Although it’s almost impossible to say due to a variety of variables, in my estimation the total write-offs for U.S. banks will end up being at least $4 trillion before it’s all said and done.
 
However, I would not be surprised to see that figure double. It all depends on many things. If by chance some miracle happens, the write-offs might be contained to $2.5 trillion, but no less; still about 19% of GDP (based on my mean estimates of GDP over the next few years).
 
Already, Washington has allowed changes to mark-to-market which could help lessen the write-offs in a number of ways.
 
But one thing is certain. Nationalization of the banks is the only real solution. And the sooner Washington realizes that, the less damage will be done. You cannot cheat the system. No matter what additional schemes the Treasury and Fed devise, the damage will be borne by many. That’s a guarantee.
 
In my opinion, Washington’s economic “experts” have concluded that the only lesson worth learning from Japan is that protectionism must be avoided at all costs. The rational (I would imagine) is that the severity of Japan’s lost decade was somewhat moderated by increasing exports to the U.S., China and other nations.
 
The only problem is that the real mistakes made by Japan were how they dealt with the banks.
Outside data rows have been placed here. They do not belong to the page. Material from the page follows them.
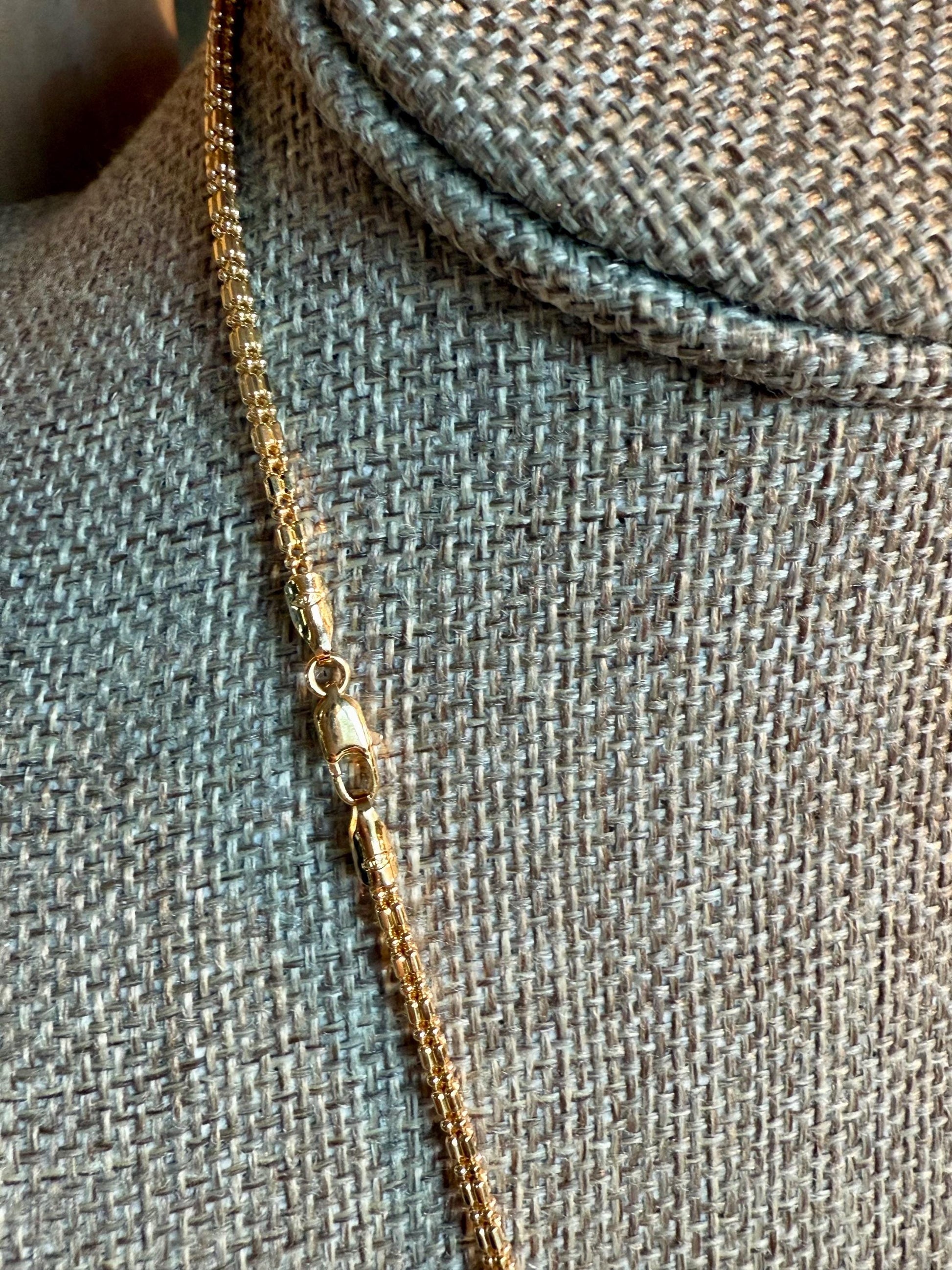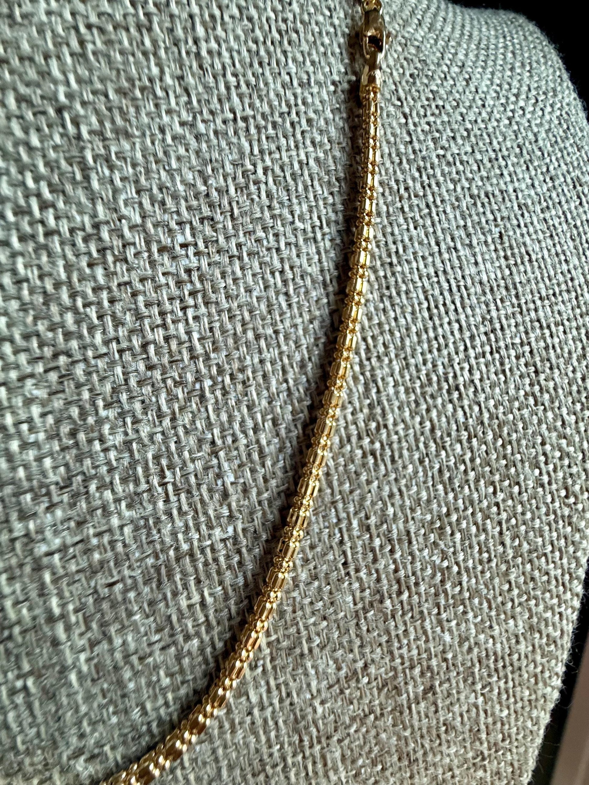 Vintage 18K Yellow gold unique link Italian chain. Hallmarked, stamped 750 and tested. Solid made piece. Doesn't look worn-bright and shiney! The links are made up of rectangle bars and balls, shape of link is square. 1/16" wide. 20" length. Lobster clasp. Smooth feeling link that is strong enough to hold heavier pendants or wear alone.
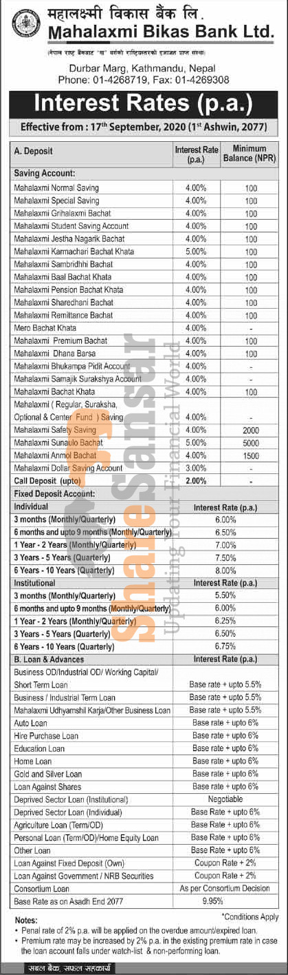 Mahalaxmi Bikas Bank Limited has published a notice regarding the new interest rate for its deposit and loan product and its effective from 1st Ashwin, 2077.
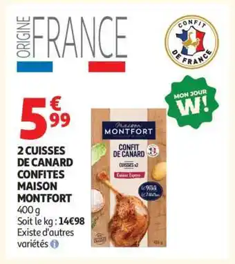 Actuellement en offre chez Auchan : 2 Cuisses De Canard Confites Maison Montfort ✅ Valable du 28-04 au 10-05.
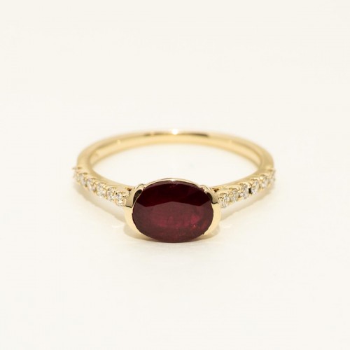 Oval Ruby East West Ring in 14kt Yellow Gold with Diamonds (1/7ct tw) CSRNG2069
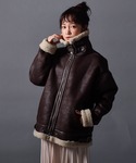 maamin♡のムートンコート「フェイクレザー パイピング フェイクムートン B3 ボアブルゾン」を使ったコーディネート
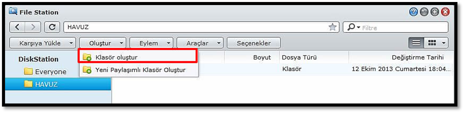Bu üst klasörümüzün altında sade bir klasör oluşturalım. Bu nedenle “Oluştur” butonu altında yer alan “Klasör Oluştur” kısmına tıklayalım.
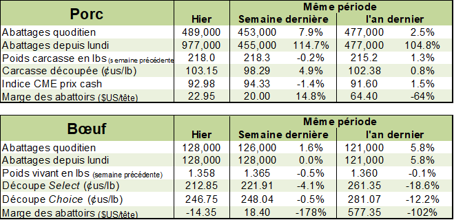 Le USDA a gardé quelques surprises pour la production de viandes, et ce autant dans le bœuf, le porc et la volaille. Toujours surprenant de voir un organisme gouvernemental changer son fusil d’épaule d’un mois à l’autre alors que les nouvelles sont pessimistes sur les productions en général.
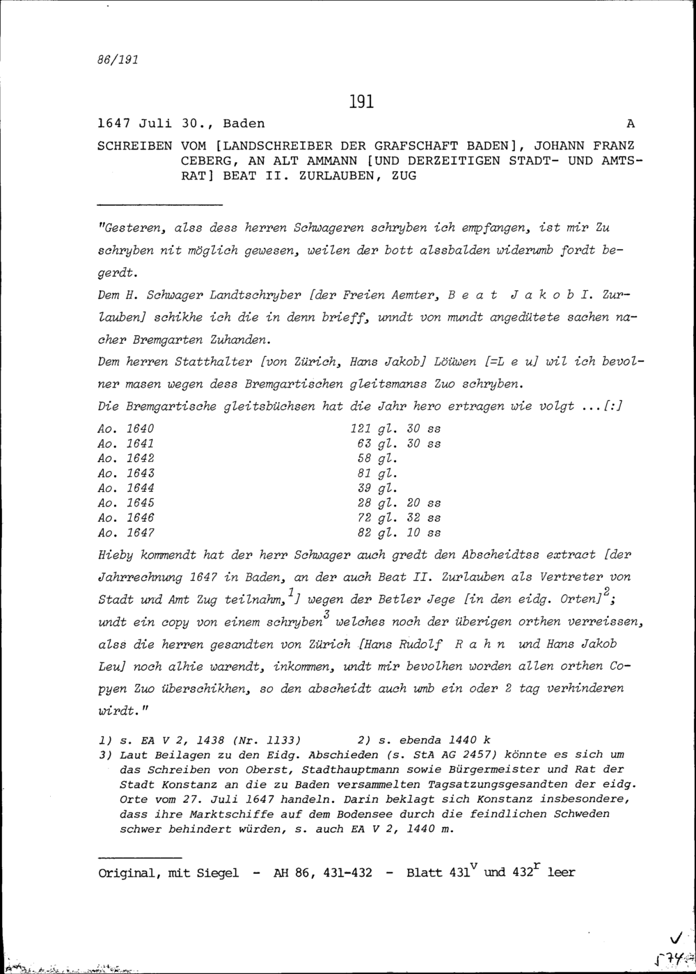 Schreiben von Johann Franz Ceberg, Landschreiber der Grafschaft Baden, an Beat II....
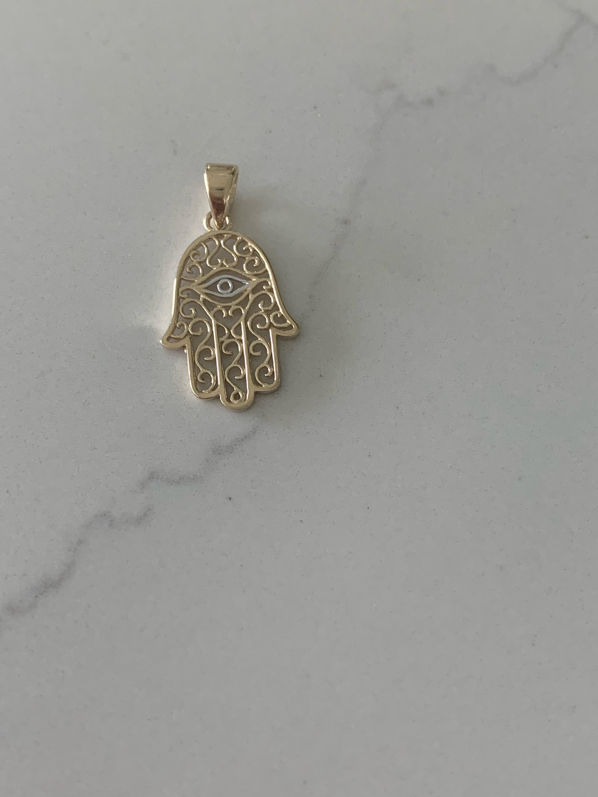 14K Solid Gold Hamsa with Evil Eye | 16MM x 11MM Two Tone Hamsa | Evil Eye Hamsa | Two TONE 14K Solid Gold Pendant
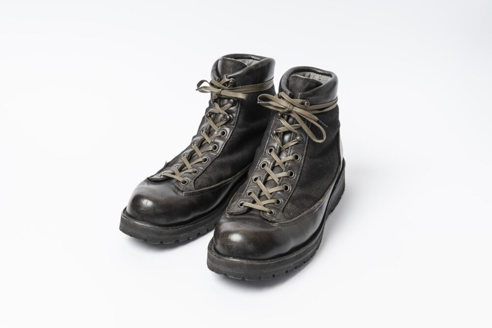 ダナーライトをカスタム。もともとはブラックの丸紐でボロボロだった物を、先端に金属パーツを用いたカーキの平紐に交換した。精悍な表情となり、アウトドアよりもミリタリー寄りの雰囲気になっている。1650円
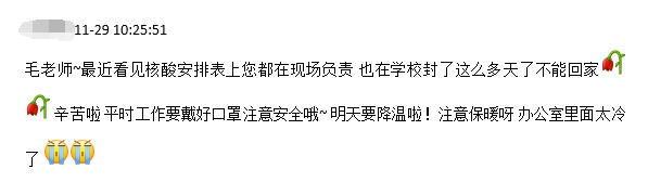 这一幕幕感人的场景,每天都在校园内反复地上演着。学工队伍的老师们为学生做的这些事儿,被大家看在了眼里,也记在了心上。近日,有学生发来短信,感谢他们的默默坚守和辛苦付出。

As well, America doesn’t have much to export. In my opinion, Washington is using this as a front to protect the toxic free trade policies which only enrich corporate America and their wealthy shareholders; not you or I who might own 2000 shares of Unitedhealth or Exxon-Mobil, but the families that own millions of shares.
 
How is it possible for Paulson, and now Geithner and Summers to repeat the same mistakes made by Japan? How stupid can they be?
 
Perhaps it’s a matter of arrogance. Maybe it’s simply a matter of taking a “win at all costs” attitude for their banking friends.
 
Oh well, I suppose Washington won’t borrow Japan’s program of sending migrant workers home; or better yet expand upon the idea by actually enforcing federal immigration laws because America is much different than Japan. Japan’s government has placed its citizens as the top priority, while Washington’s top priority is corporate America.